EXTRACTED RECORDS:
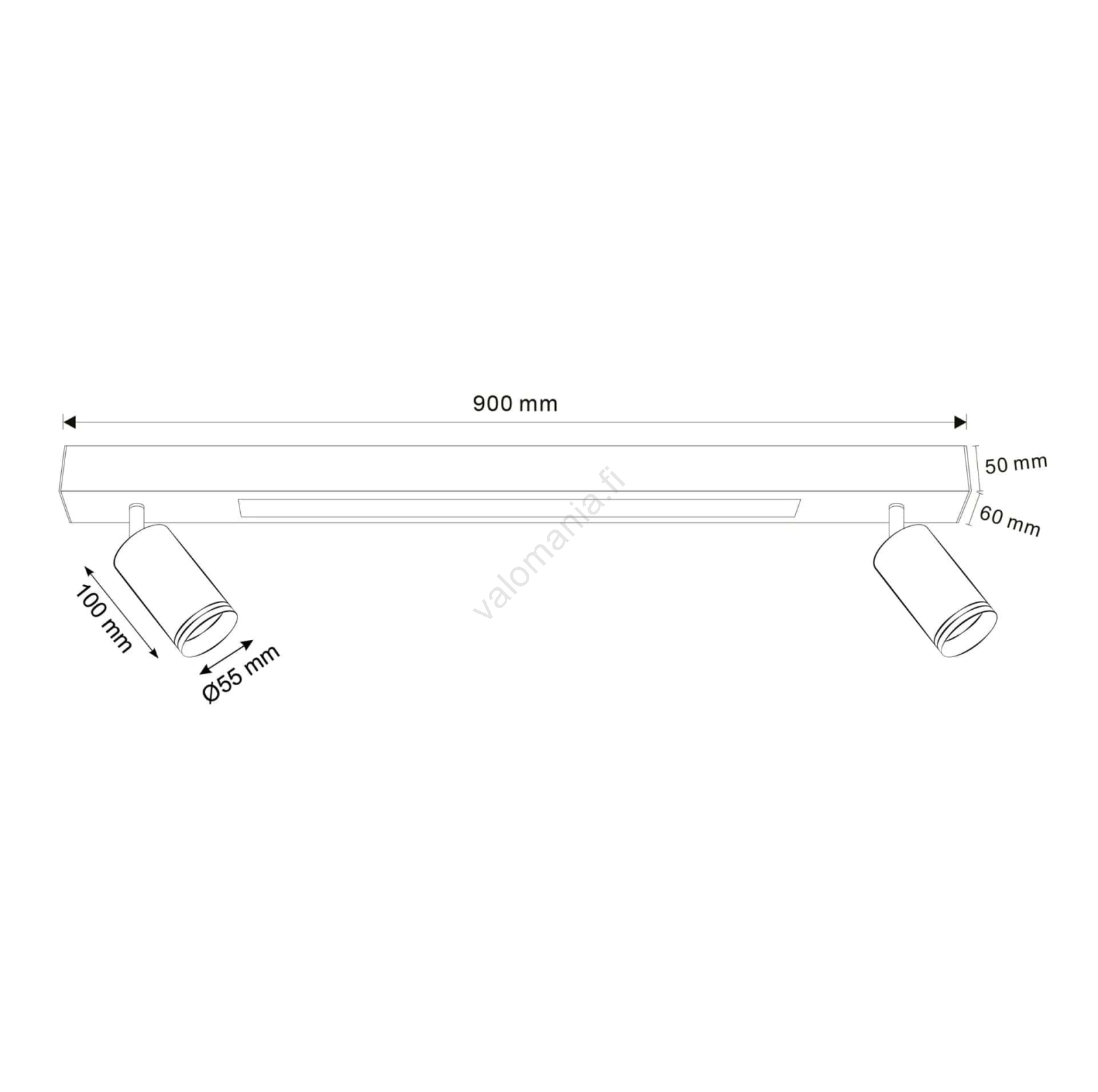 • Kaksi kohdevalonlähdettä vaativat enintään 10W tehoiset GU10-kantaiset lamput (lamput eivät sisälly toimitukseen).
...
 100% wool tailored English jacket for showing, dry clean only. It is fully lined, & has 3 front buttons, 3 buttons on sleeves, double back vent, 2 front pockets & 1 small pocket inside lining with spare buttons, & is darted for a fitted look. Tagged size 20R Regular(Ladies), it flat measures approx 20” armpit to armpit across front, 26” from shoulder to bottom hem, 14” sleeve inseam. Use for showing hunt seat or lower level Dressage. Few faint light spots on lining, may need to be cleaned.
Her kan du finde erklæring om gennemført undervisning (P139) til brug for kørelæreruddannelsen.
--
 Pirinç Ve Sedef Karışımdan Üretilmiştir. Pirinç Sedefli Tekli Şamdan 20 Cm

DESCRIPTION OF THE TASK: When the line with "100% wool tailored" is reached in the data above, start copying there, and copy each line exactly until the line with "Her kan du finde" has been copied; copy nothing else.

SOLVED EXERCISE:
 100% wool tailored English jacket for showing, dry clean only. It is fully lined, & has 3 front buttons, 3 buttons on sleeves, double back vent, 2 front pockets & 1 small pocket inside lining with spare buttons, & is darted for a fitted look. Tagged size 20R Regular(Ladies), it flat measures approx 20” armpit to armpit across front, 26” from shoulder to bottom hem, 14” sleeve inseam. Use for showing hunt seat or lower level Dressage. Few faint light spots on lining, may need to be cleaned.
Her kan du finde erklæring om gennemført undervisning (P139) til brug for kørelæreruddannelsen.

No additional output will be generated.